I spent six weeks building a web app for Spanish learning. It had a clean React frontend, a progress dashboard, spaced-repetition logic, the works. It got 100 free signups in the first two weeks and a 4% return rate by week three. Then I rebuilt the same thing as a WhatsApp agent in nine days, charged $9/month, and three people paid me. Those three taught me more about retention, memory, and what "AI language learning" actually means than the entire web app cohort combined.
This is the architecture of EspaLuz — a bilingual Spanish/English tutor that lives in WhatsApp and Telegram — and specifically how I built conversation memory that survives across sessions without paying for a managed vector store. If you're a founder deciding between a web app and a messaging agent, or a developer who keeps reaching for Pinecone the second someone says "memory," read the cost numbers before you commit.

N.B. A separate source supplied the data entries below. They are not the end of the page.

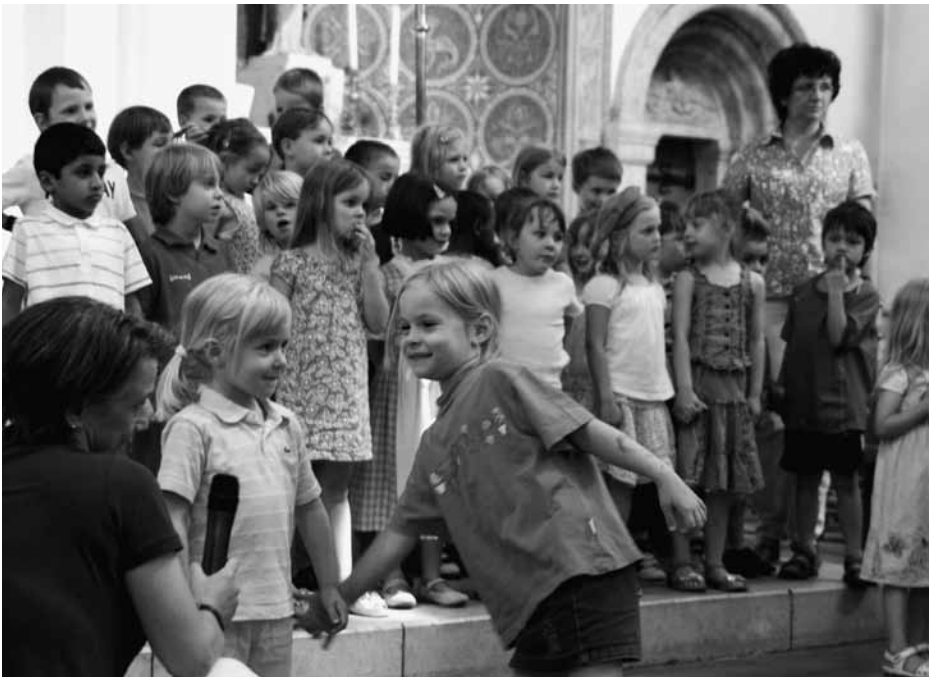
Kindergarten - Gottesdienst vor den Ferien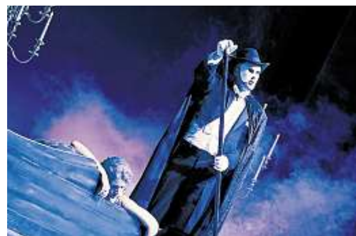
„Das Phantom der Oper“ wird am 29. Januar in der Festhalle in Zweibrücken aufgeführt.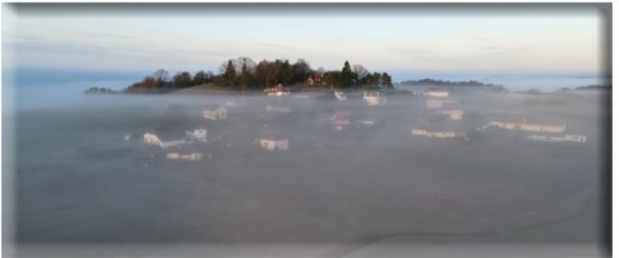
Quartier Cauhapé dans la brume du matin

The web app was a graveyard with good lighting
The dashboard was the problem, not the feature. Every web app for learning a language asks the user to do the same thing: leave their life, open a tab, log in, and "study." That's a context switch, and context switches are where retention dies. My 100 signups didn't churn because the lessons were bad. They churned because opening a dedicated tab to practice Spanish competes with email, Slack, and the actual reason they came to Panama — which is to live here, not to study.
WhatsApp doesn't ask for a context switch. It's already open. In Latin America it's not an app, it's the substrate — your landlord texts you on it, your kid's school sends homework on it, the guy fixing your AC confirms on it. When EspaLuz lives in that same thread, practicing Spanish isn't a separate activity. It's one more conversation in a list of conversations the user already checks 40 times a day.
The hard number: web app week-three return rate was 4%. WhatsApp agent week-three return rate, on a tiny paying cohort, was 100% — three of three. Small sample, yes. But the difference between 4% and 100% isn't a sample-size artifact. It's a delivery-channel artifact.
Two-layer memory without a paid vector store
Here's the part most developers get wrong. The moment someone says "the AI needs to remember the conversation," everyone reaches for embeddings and a vector database. For a language tutor, that's overkill that costs you money and adds latency for retrieval you mostly don't need.
EspaLuz uses two memory layers, and neither requires a managed vector store:
Layer 1 — Rolling conversation window. The last N messages of the actual dialogue, stored as plain rows in Postgres on Oracle Cloud. I keep roughly the last 20 turns per user. This is the working memory: what we just talked about, the verb tense the user struggled with three messages ago, the joke they made. No embeddings. Just a SELECT ... WHERE user_id = $1 ORDER BY created_at DESC LIMIT 20, reversed, and dropped into the prompt.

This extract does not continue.